As if reading her thoughts, the young man said: “If I don’t carry my brushes in this way I may forget to wash them; I sometimes do and then don’t I have a time to get them clean? By the way, Elfie, I have not properly introduced myself.” He picked up a shining brown leaf from the ground, selected a brush which still held some red paint, and with it wrote on the leaf which he handed gravely to Elizabeth.
She took it gingerly so as not to rub off the paint. What a delightful man he was, to be sure, and how unlike any other person she had met. She looked earnestly at what he had written. It was: “Oliver Kemp, a reincarnation of Titian.” Elizabeth had not the slightest idea what reincarnation meant, and she looked up questioningly to see laughter in the young man’s eyes, so she knew it was a sort of joke, but she determined to keep the leaf as a treasure. She held it very carefully by the stem, carrying her pussywillows in the other hand. “You don’t know my name,” she said presently.
“Oh, yes, I do: it is Elfie.”
“You have the first two letters right,” said Elizabeth gayly.
“That is quite enough; I needn’t try for any more. It is a great satisfaction to get things partly right: I don’t always do it, I know,” he added, partly to himself.
They had reached the long street by this time and Mr. Kemp stood still and looked up and down, toward the church spire, the white, brown or red houses, the rows of trees each side the street in one direction and, in the other, hills, forests and winding road. “Do you know, Elfie,” he said, “I like this village of yours and I should like to stay here for awhile. Do you know of any place like a chicken-coop or a wood-house or any little cubby where I could keep my stool and easel and where I could paint when it was too cold or too stormy to go out?”

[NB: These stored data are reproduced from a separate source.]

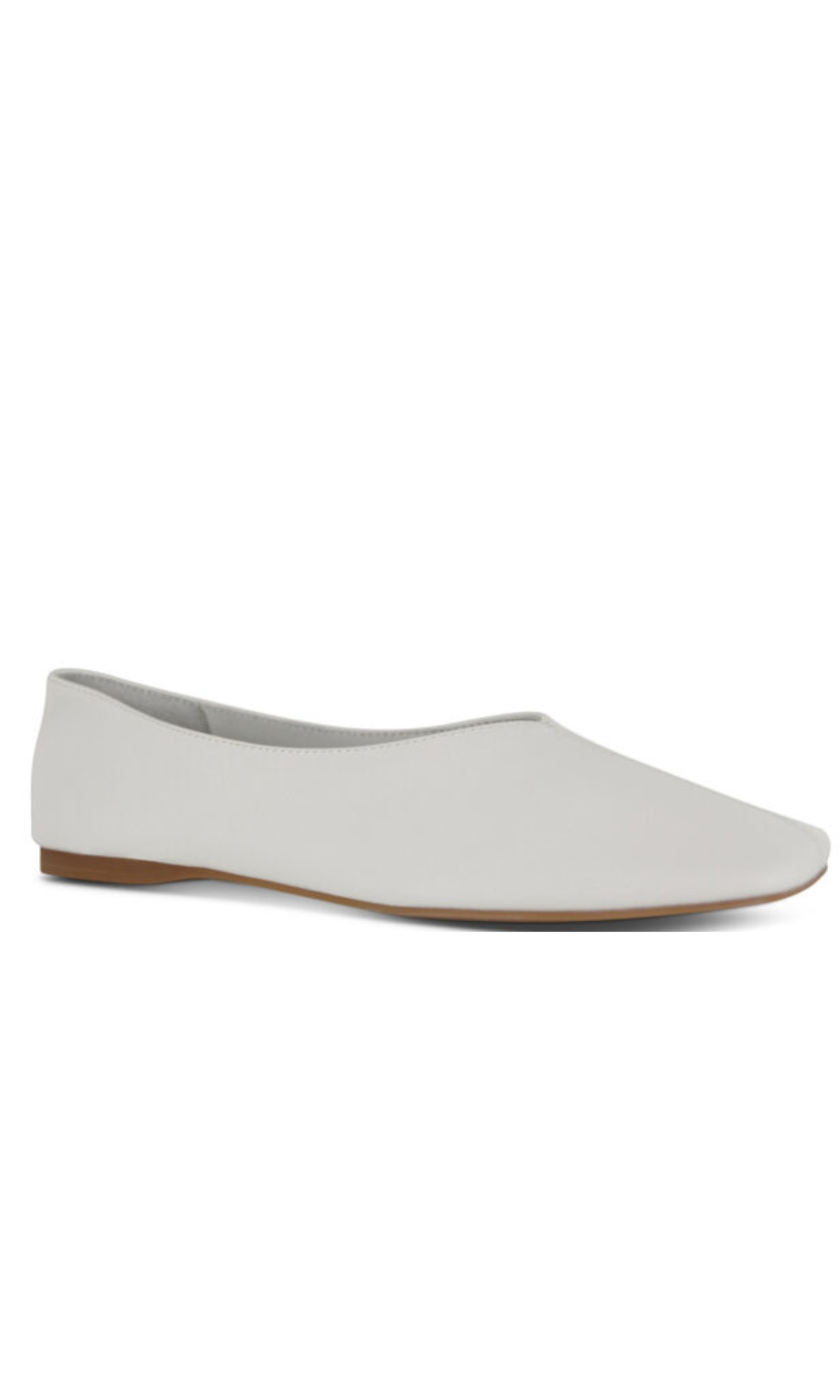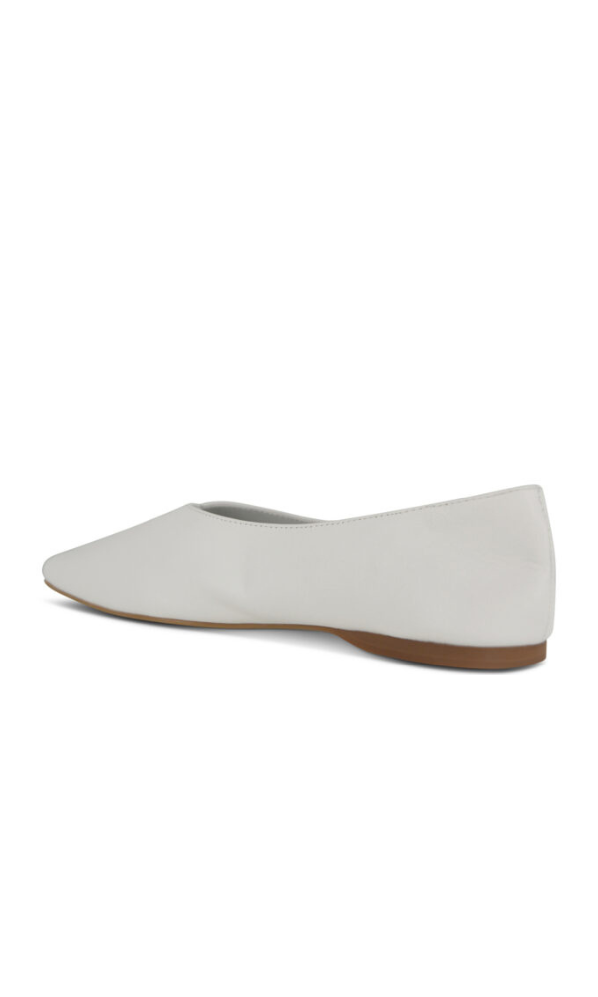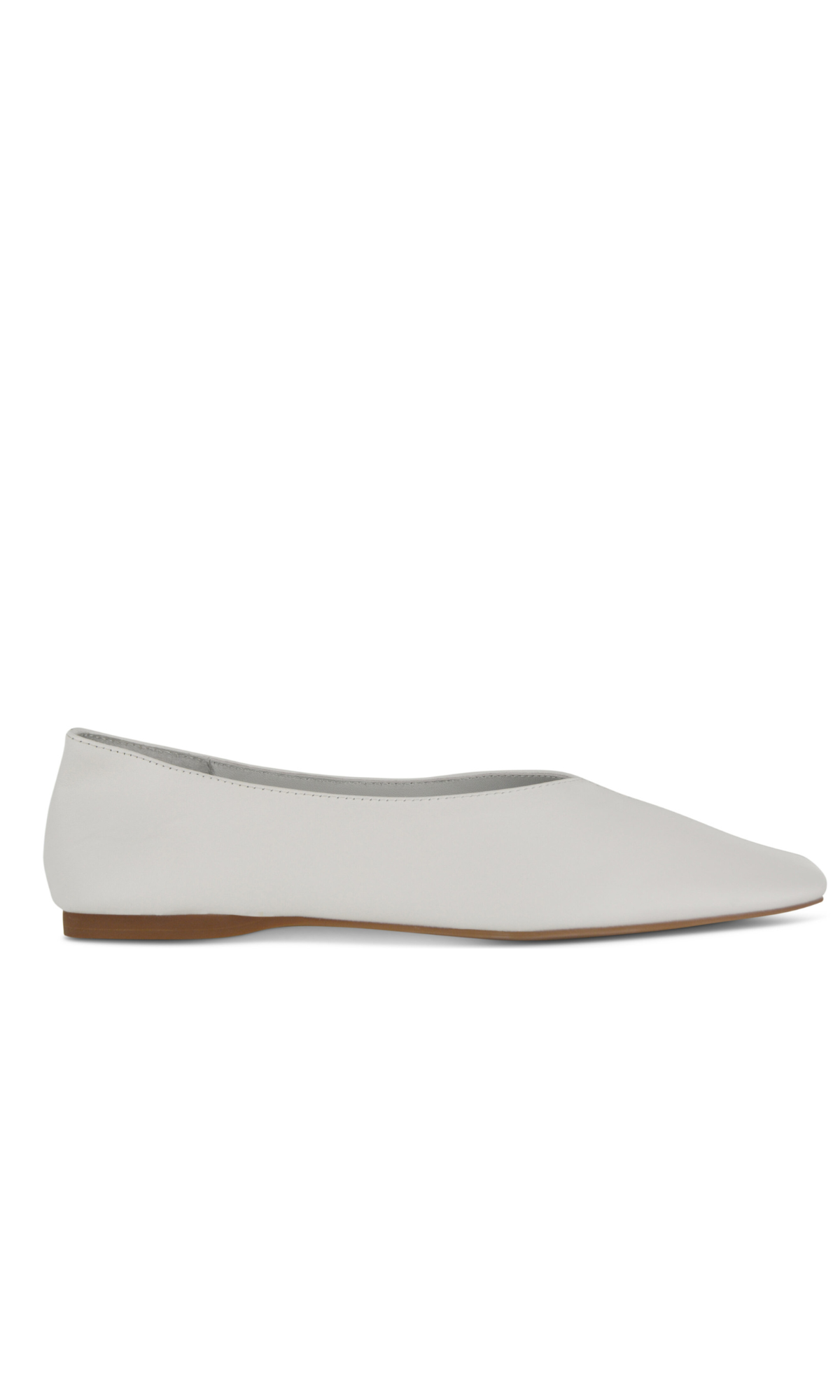White leather high cut ballet flat featuring a square toe with centre stitch detail.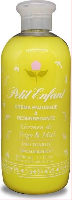 Esta ultra suave Crema Enjuague y Desenredante Petit Enfant, dejará el cabello acondicionado, suave y brillante. El germen de Trigo y la Miel, nutren y enriquecen la fibra capilar dándole volumen y brillo.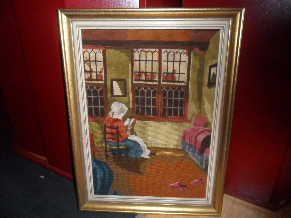 Handgestickter Gobelin mit Holzrahmen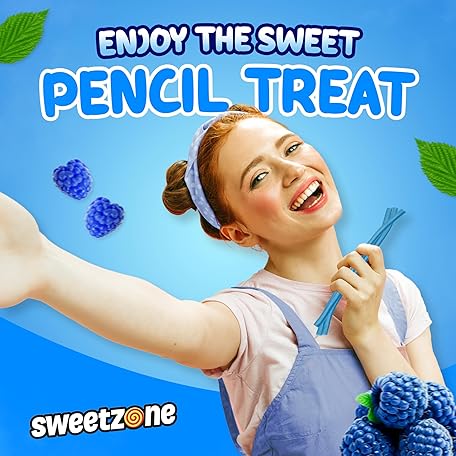 Thông tin sản phẩm Sweetzone Blue Raspberry Pencils Tub, Pencil Sweets, 100 pc, Halal Sweet, Wine gums, American Gum, British Sweets, Sweet Pie, Licorice Liquorice Allsorts, Irresistible for Candy Lovers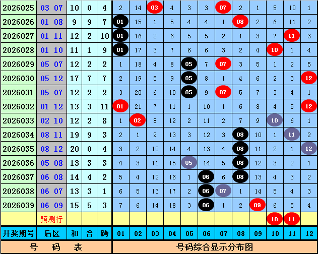 后区分析:上期后区为一奇一偶号码06+09,最近10期后区号码奇偶比为8:12,最近50期后区奇偶比为46:54,本期后区参考一奇一偶组合,关注两码10、11。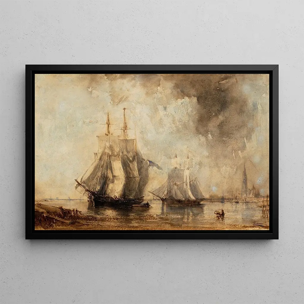 L'Escaut Anvers : een symfonie van licht en beweging De kunstdruk "L'Escaut Anvers" van Félix Ziem brengt ons naar het hart van een levendig maritiem landschap. De nuances van blauw en groen mengen harmonieus, terwijl de reflecties van de hemel in het water een bijna dromerige sfeer creëren. De techniek van Ziem, gekenmerkt door vloeiende penseelstreken en een stralend licht, brengt deze haven scène tot leven. De majestueuze zeilboten lijken te dansen op de golven, terwijl de gebouwen van Antwerpen elegant op de achtergrond oprijzen. Dit doek nodigt uit tot contemplatie en vangt de essentie van het maritieme leven in de 19e eeuw. Félix Ziem : een meester van het romantische landschap Félix Ziem, geboren in 1821, is een Franse schilder die bekend staat om zijn maritieme en stedelijke landschappen. Geïnspireerd door de romantische beweging, wist hij de schoonheid van de plaatsen die hij bezocht vast te leggen, waaronder Venetië en de Franse kusten. Zijn stijl onderscheidt zich door een gedurfde toepassing van kleur en licht, kenmerkend voor het opkomende impressionisme. Ziem was ook een pionier in het verkennen van atmosferische effecten, wat hem heeft geholpen naam te maken in de kunstwereld. "L'Escaut Anvers" is een perfect voorbeeld van zijn talent, dat zijn verbondenheid met de natuur en het stedelijke leven illustreert. Een decoratief kunstwerk met vele voordelen De kunstdruk van "L'Escaut Anvers" is een ideale keuze om uw interieur te verfraaien, of het nu in een woonkamer, kantoor of slaapkamer is. De afdrukkwaliteit en trouw aan het originele kunstwerk maken er een boeiend schilderij van dat de aandacht trekt. De rustgevende tinten en de dynamiek van de scène brengen een vleugje sereniteit in uw ruimte. Door te kiezen voor dit doek voegt u niet alleen een kunstwerk toe, maar ook een uitnodiging tot dromen en ontsnapping, waardoor uw decoratie verandert in een ware visuele reis.
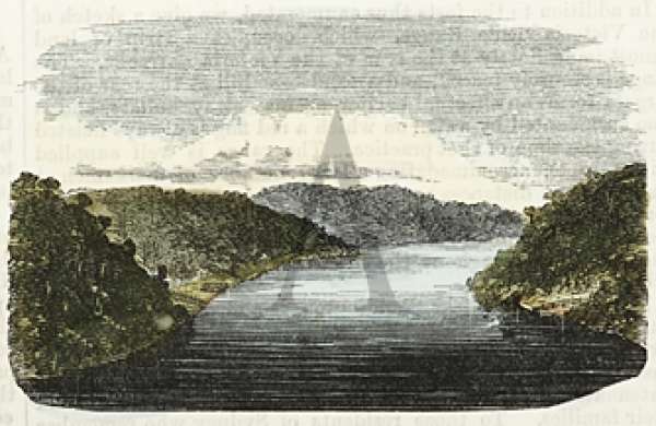 Rare, miniature c.19th hand coloured engraving of the Government quarry which were situated on the Georges River directly opposite East Hills.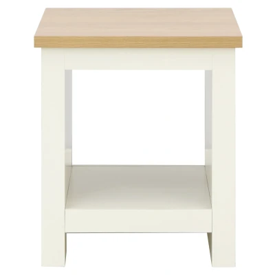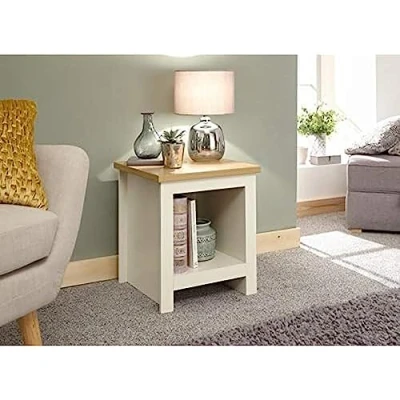 Bed KingsLANCASTER SIDE TABLE WITH SHELF CREAM by GFW. Designed to look the part and made to last Ñ This charming side table will bring contemporary styling to any home. Featuring a useful storage shelf underneath. Its matte grey or cream finish and oak veneered top matches perfectly with the rest of the Lancaster range and would be at home in any living or dining room.. Crafted from particle board Finish: Paper Foil Colour: Cream, Oak Includes clear assembly instructions Product Details Dimensions: 50.5cm (H) x 45cm (W) x 45cm (D) Material: Particle Board Finish: Paper Foil Colour: Cream Secondary Colour: Oak Finish the look with pieces from our bedside cabinets. Explore more in bedroom furniture.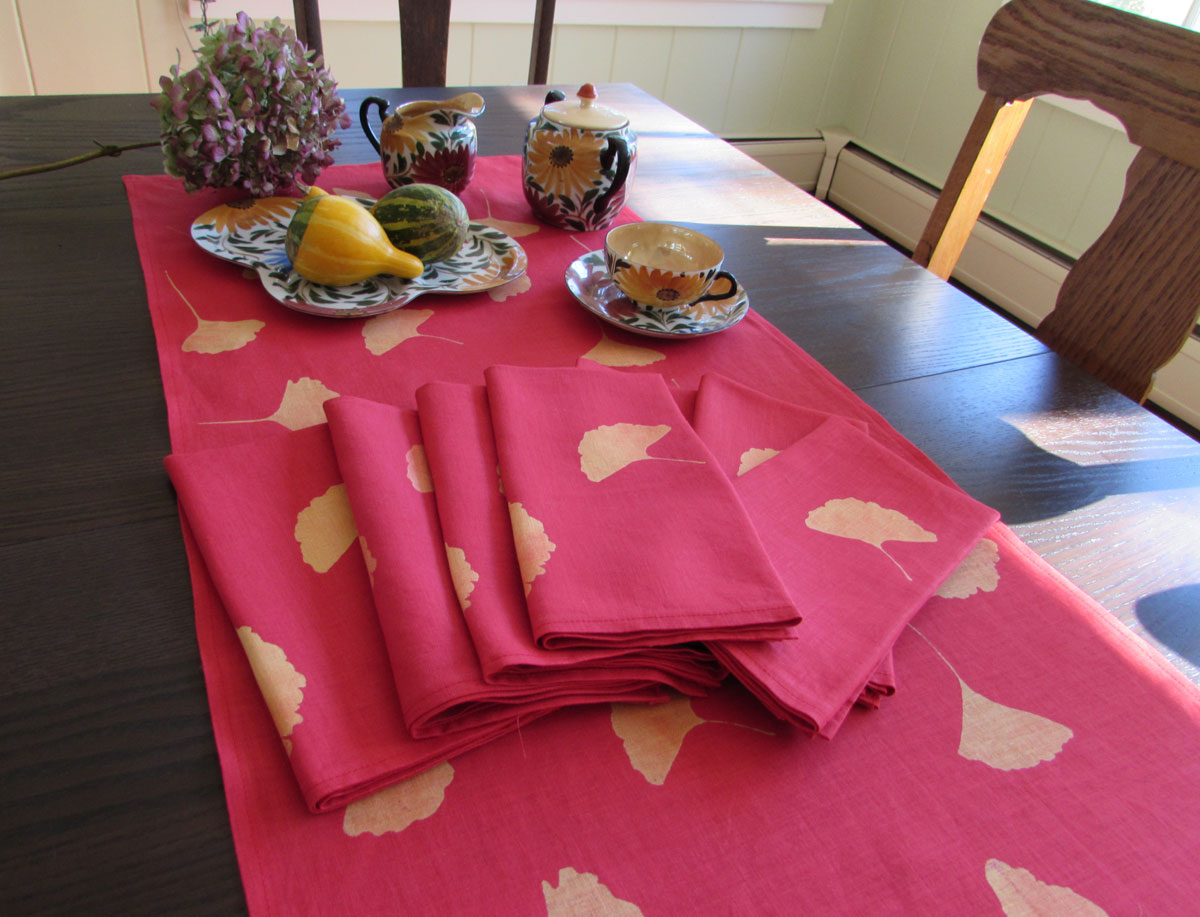 I finished a set of Gingko Table Linens. I silkscreened discharge onto red linen. This is a custom order for my dear friend Sally.

“A chicken-coop wouldn’t be big enough,” returned Elizabeth in all gravity, “but maybe a hen-house would do. I don’t exactly think of any just now, but maybe I could hear of something.”
“That’s a good child; I wish you would. I will come up tomorrow and find out. You live,—let me see, where is it you live?”
“In that brown house off there at the end of the street,”—Elizabeth pointed it out to him.
“Of course; I might have known it would be brown, like a tree. I suppose you go in there only when it is very cold or stormy and stay in the woods the rest of the time; elves always do, you know.”